人在大学,但歌在格莱美 第428节
“哎呀,那多不好意思……”
“有什么不好意思的,我妈上春晚观众席,当然得穿得漂漂亮亮的。”
何兰的眼眶忽然有点红。
她转过头,看着窗外。
“谁能想到啊。”她轻声说,“当年我和你爸在文工团,最大的梦想就是能上一次央视。”
“结果我们没上成。”
“现在我们的儿子,要上春晚了。”
车里安静了几秒。
陈建学没有回头。
但他的喉结滚动了一下。
陈铭看着后视镜里母亲微微泛红的眼眶,声音很轻。
“妈,你们没实现的梦想,我来替你们实现。”
何兰用手背擦了一下眼角,笑着骂了一句。
“就你会说话。”
陈建学在前面闷声说了一句:“开车,别煽情。”
但他的声音也有点哑。
......
院子在京都二环里的一条老胡同深处。
不大,但收拾得很干净。
青砖灰瓦,院子里有一棵老槐树,树上挂了几个红灯笼,是房东提前布置的。
何兰一走进院子就喜欢上了。
“哎哟,这院子真好看!有年味儿!”
她放下东西,开始忙着打扫、收拾、把从江海带来的特产分门别类地摆好。
陈建学则在院子里转了一圈,最后站在老槐树下,抬头看了看天。
京都的天很蓝。
他深吸了一口冬天清冷的空气。
“好地方。”
接下来几天。
陈铭白天去央视彩排,晚上回院子陪父母。
没有彩排的日子,他就带着父母在京都转。
去了故宫,去了颐和园,去了王府井,去了后海。
何兰每到一个地方都要拍照,拍完还要发给江海乐器行的老客户们看。
“你们猜我在哪儿?”
“京都!我儿子带我来的!”
陈建学表面上嫌弃妻子大惊小怪,但其实他自己也偷偷拍了好几张照片。
只是没有发给任何人。
他存在手机相册里,自己翻着看。
一月二十八日。
农历腊月二十九。
除夕前一天的早晨。
陈铭带着父母去了天安门广场。
看升旗。
凌晨五点,一家三口就从院子里出发了。
何兰穿上了安雅提前准备的深红色呢子大衣,陈建学穿了一件藏蓝色的中山装。
两个人站在天安门广场上,看着东方的天空一点一点亮起来。
国旗护卫队迈着整齐的步伐走出城楼。
军靴踏在地面上的声音,在清晨的空气里格外清脆。
国歌响起的那一刻。
陈建学也跟着唱起。
何兰站在他旁边,仰着头看着五星红旗缓缓升起。
她的眼泪流了下来。
一种说不清的翻涌了很久的情绪,终于在这一刻找到了出口。
她年轻时在部队文工团。
唱过无数遍国歌。
但从来没有一次,像今天这样,站在天安门广场上,和自己的丈夫、自己的儿子一起,亲眼看着国旗升起。
“祖国真好。

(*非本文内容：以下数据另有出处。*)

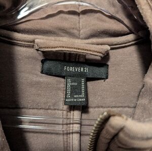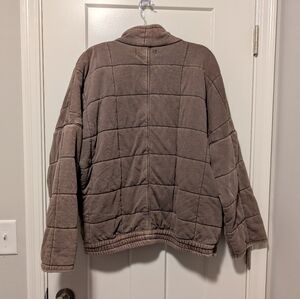 Quilted jacket from Forever 21. Size medium, oversized fit. Brownish/pinkish color, almost like a mauve but depends on the lighting. Zipper closure. Side pockets. Thick and heavyweight. I bought this on posh and just don’t reach for it as much as I thought I would. Minor pilling that would come off easily with a fabric shaver (mine just broke)

”
她小声说了一句。
声音被风吹散了,只有陈铭听到了。
陈铭看着母亲脸上的泪痕,又看了看父亲笔挺的背影。
他没有说话。
只是默默地站在他们身边。
国旗升到了旗杆顶端。
在风中猎猎作响。
陈建学缓缓放下了立正的姿势。
他转过头,看了一眼儿子。
然后又看了一眼旗杆顶端那面鲜红的国旗。
“儿子。”
“嗯?”
“明天春晚。”
“嗯。”
“好好唱。”
就三个字。
但陈铭听出了这三个字背后的所有意思。
好好唱。
唱给全国人听。
唱给你妈听。
唱给我听。
唱给这面旗帜听。
陈铭点了点头。
“放心吧,爸。”
......
一月二十九日。
农历除夕。
这一天终于到了。
下午三点。
陈铭带着父母来到了央视春晚的会场。
安检、核验、入场。
一切流程都很顺畅。
刘鸣亲自在入口处等着他们。
“陈铭老师,陈叔叔,何阿姨,这边请。”
何兰紧紧攥着陈铭的胳膊,脚步有些发虚。
她环顾四周,看到了巨大的舞台、密密麻麻的灯光设备、忙碌的工作人员,还有已经陆续入座的观众。
她的心跳快得厉害。
“儿子……”
“嗯?”
“我……我有点紧张。”
陈铭笑了。
“妈,你紧张什么?上台唱歌的是我,又不是你。”
“我知道,但是……”何兰四处张望,声音越来越小,“这地方也太大了,这么多人……”
陈建学在旁边轻轻拍了拍妻子的手背。